The leap from physical boxes to computational scheduling happened in a university dormitory in Poznań. Piotr Woźniak, a molecular biology student at Adam Mickiewicz University, had calculated in 1982 that at his prevailing rate of forgetting, it would take roughly one hundred twenty years to master the English vocabulary he needed [11]. Desperate for a solution, he ran two experiments in 1985 on his own learning. The first tracked how different spacing patterns affected retention. The second attempted to approximate the optimal intervals between reviews.

On July 31, 1985, Woźniak began applying the results to his own study — the date he later called the birthday of computational spaced repetition. The system was entirely paper-based: pages of forty question-answer pairs reviewed at intervals of roughly one, seven, sixteen, and thirty-five days. He called it SM-0 [12].

Two years later, Woźniak acquired an IBM PC and wrote the first computerized version in Turbo Pascal 3.0 over sixteen evenings in late 1987. The scheduling logic — Algorithm SM-2 — introduced three innovations that became canonical.

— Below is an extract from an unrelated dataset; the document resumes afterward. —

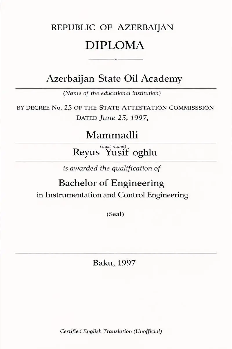 Diploma in Engineering, specializing in “Biotechnical and Medical Devices and Systems”, issued to Reyus Mammadli by the Azerbaijan State Oil Academy. I earned my degree from the Azerbaijan State Oil Academy (now ASOIU), a historic institution established in 1920 that has been a cornerstone of technical and engineering education in the region for over a century. (Azerbaijan State Oil and Industry University (Note: Please select “EN” in the top header for English) or view the university profile on Wikipedia.)
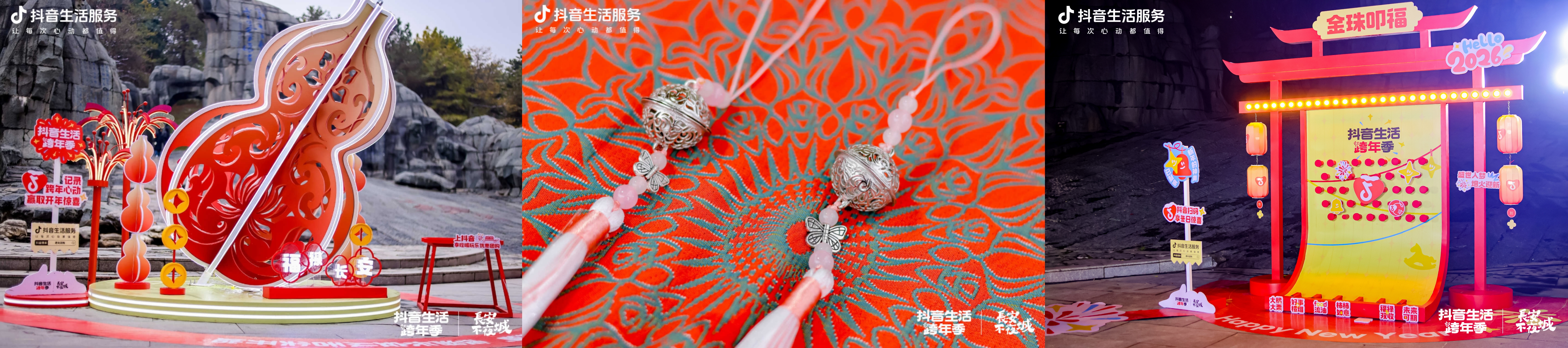 作为承载西安传统年味的核心场景,大唐芙蓉园在1月1日迎来了抖音生活服务与长安灯会的首次携手,共同打造了极具辨识度的主题灯组,一条长达70米的璀璨灯廊在胡店街区南侧主干道惊艳亮相,迅速成为游客必到的打卡圣地。

First, each item carried its own ease factor, initialized at 2.5. This number controlled how quickly intervals grew. A card with a high ease factor would be reviewed less and less frequently. A card with a low ease factor would stay in frequent rotation.

Second, the user graded each recall on a scale from zero to five — zero meaning total blackout, five meaning perfect recall. The algorithm used this grade to adjust the ease factor after every review. The update equation was simple:

EF' = EF + (0.1 - (5 - q) × (0.08 + (5 - q) × 0.02))

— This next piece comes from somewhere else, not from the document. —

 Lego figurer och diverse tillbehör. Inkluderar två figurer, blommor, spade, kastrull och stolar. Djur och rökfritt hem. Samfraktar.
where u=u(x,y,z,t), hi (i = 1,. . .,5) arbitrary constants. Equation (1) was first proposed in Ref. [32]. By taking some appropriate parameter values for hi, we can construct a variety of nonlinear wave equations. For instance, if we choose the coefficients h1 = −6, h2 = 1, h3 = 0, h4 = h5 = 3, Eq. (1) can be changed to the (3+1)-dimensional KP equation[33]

where q is the grade. For a grade of four, the ease factor stays unchanged. For a five, it increases by 0.1. For a three, it decreases by 0.14 [1].

Third, intervals followed a recursive formula: the first review came after one day, the second after six days, and every subsequent interval was the previous interval multiplied by the ease factor. A card with an ease factor of 2.5 would follow a schedule roughly like: 1 day, 6 days, 15 days, 38 days, 94 days.

1885

Ebbinghaus publishes the forgetting curve

1939

Spitzer tests spacing effect in 3,605 Iowa students

1972

Leitner publishes the cardboard box system

1978

Landauer and Bjork propose expanding retrieval practice

1985

Wozniak creates SM-0 — the first paper-based scheduler

1987

SM-2 becomes the first computerized scheduling algorithm

1992

Bjork and Bjork publish the New Theory of Disuse

2006

Cepeda meta-analysis confirms spacing effect across 317 experiments

In his 1990 master's thesis, Woźniak reported the results: during the first year of using SM-2, he memorized 10,255 English vocabulary items at forty-one minutes per day, with overall retention of 92 percent when excluding items still in their first three weeks of learning [13].

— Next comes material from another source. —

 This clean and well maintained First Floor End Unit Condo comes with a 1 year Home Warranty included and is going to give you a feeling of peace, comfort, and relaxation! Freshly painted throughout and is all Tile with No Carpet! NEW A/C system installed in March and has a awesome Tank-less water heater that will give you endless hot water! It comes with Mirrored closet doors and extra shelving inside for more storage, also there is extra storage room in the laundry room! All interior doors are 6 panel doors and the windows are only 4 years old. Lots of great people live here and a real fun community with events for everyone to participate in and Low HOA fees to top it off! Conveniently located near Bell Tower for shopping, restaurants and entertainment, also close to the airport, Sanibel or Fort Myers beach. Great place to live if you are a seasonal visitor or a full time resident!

The decision that sealed SM-2's dominance came in 1990, when Woźniak placed the full algorithm description in the public domain as an appendix to his thesis. Every subsequent algorithm he created remained proprietary. SM-2 was the last one anyone could freely use.

Thirty Years of Invisible Progress

What happened next is one of the strangest stories in the history of applied science. The creator of SM-2 spent the next three decades building better algorithms — dramatically better algorithms — and almost none of them reached the outside world.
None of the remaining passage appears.